# Umik-1 orientation



## willis7469 (Jan 31, 2014)

Hey guys, I have a seemingly dumb question to ask. I'm wondering if I should situate my umik so it's straight up. My focus right now is measuring my subs, in room at my LP. Being omni directional, makes me think this is right. Fwiw, I've been using my rat shack meter. (With cal file)

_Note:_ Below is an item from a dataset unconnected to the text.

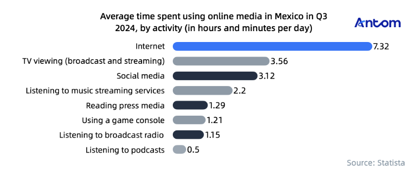 In Q3 2024, Mexican internet users spent about 7 hours and 32 minutes online per day, and also spent longer periods of time watching television and using social media.

p.s. At what point do I need to consider pointing the capsule at the speakers? Individual channel measurements?
Thanks guys.


----------



## JohnM (Apr 11, 2006)

For subs straight up is fine. The UMIK's cal file (from miniDSP) is for the case where you point the mic at what you want to measure, so for individual speakers point the mic towards the speaker.


----------



## Wayne A. Pflughaupt (Apr 13, 2006)

To expound a bit on John’s comments, bass frequencies are omnidirectional so it doesn’t matter where you point the mic when measuring subwoofers. For individual speaker measurements pointing at the speaker gets the most accurate results. Unless the UMIK-1’s calibration specifies otherwise, it was generated for on-axis measurements anyway.

Regards,
Wayne


----------



## willis7469 (Jan 31, 2014)

Thanks john, and Wayne! You're the best.


----------



## panson (Nov 24, 2011)

You will notice different results at different locations. Room effect affects your result although low-freq is ominous-directional.


----------



## panson (Nov 24, 2011)

Typo: omnidirectional


----------